Das Trio kam an einigen Hirten sowie einem reich geschmückten Wagen vorbei, bog anschließend in eine schmale Straße ein, an deren Ende eine Herberge war. Selbst diese krumme Gasse war hell erleuchtet, Jupiter hatte wohl einen der Sterne mit seinem Blitzlicht gesegnet.
„Fangen wir dort drüben an?“ Dufus gestikulierte, auf seinem letzten Stückchen Brot kauend, mit dem Ellenbogen auf einige schäbige Häuschen neben der Herberge. Seine Sandalen hinterließen quadratlatschige Abdrücke im Lehmboden, davor jeweils ein Punkt, wo seine großen Zehen überragten.
„Ja, klingt gut“, pflichtete Rufus seinem kleinen Bruder bei, dieser war überrascht, Zuspruch vom Älteren zu bekommen.
„Echt?“ Dufus ging an der Spitze seines Trupps voran, richtig stolz darauf, sich einmal als Anführer zu fühlen.
„Hoffentlich finden wir hier einen passenden Jesuskind-Ersatz. Damit wir bald aus diesem schwachsinnigen Dienst rauskommen und ge…“
„Halt!“, zischte Rufus, hielt inne und deutete auf ein Stallgebäude, durch dessen halb geöffnetes Tor einige schlafende Menschen zu sehen waren. „Habt ihr das gehört? Da hat ein Säugling gewimmert.“ Die beiden anderen Legionäre traten herbei, beugten sich vor und linsten ins Innere. „Ich glaube, es liegt in der Krippe“, flüsterte er und schob die Tür vorsichtig weiter auf.

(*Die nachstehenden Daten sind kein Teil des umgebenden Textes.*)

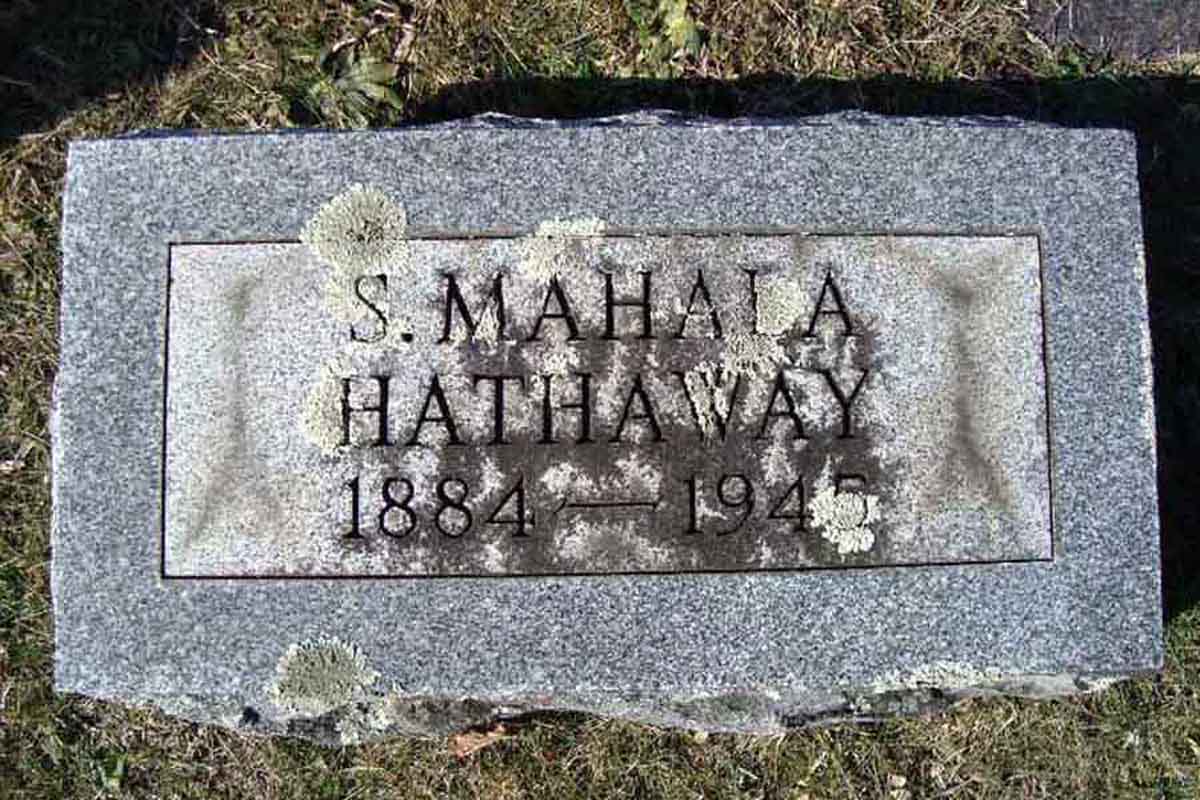 • She was buried in 1945 in the Mount Zion Cemetery in Grantsville, WV. Sarah married William Morton Hathaway, son of Francis Hathaway and Clora McCulty, on 1 April 1900 in Calhoun County, WV.1 (William Morton Hathaway was born on 30 September 1877 in Sycamore, WV,1 2 4 died on 7 January 1925 in Akron, OH 1 4 5 and was buried on 11 January 1925 in Grantsville, WV 1 4 5.)

„Pst.“ Gufus stellte sich dicht hinter ihn, gefolgt von Dufus, der auf der anderen Seite gegen das Tor lehnte. „Seid still, weckt die bloß nicht auf. Umso besser, wenn die schlafen, dass sind wir weg, ehe sie uns in die Quere kommen können.“
„Keine Zeugen“, kommentierte Rufus zufrieden.
„Außer dem Esel.“ Dufus zeigte auf das Langohr, das direkt vor dem Futtertrog stand und unverhohlen in ihre Richtung sah.
„Ich wage zu behaupten“, seufzte Rufus und massierte seine Nasenwurzel, „der wird uns nicht verraten. Und nun los, beten wir zu Fortuna, dass es ein Knabe ist.“ Er streifte seine Sandalen ab und befahl Dufus, sein Schuhwerk ebenfalls vor der Scheune zu lassen. „Damit wir möglichst keinen Lärm machen.“ Zu Gufus meinte er: „Du stehst Schmiere“ und an seinen Bruder gewandt: „Du kümmerst dich um den Gaul und ich schnappe mir das Kind.“ Beide nickten. „Los.“ Dann näherten sie sich der Krippe, lautlos, das einzige Geräusch war das leise Schnauben des Esels, indes hielt Gufus gespannt Wache.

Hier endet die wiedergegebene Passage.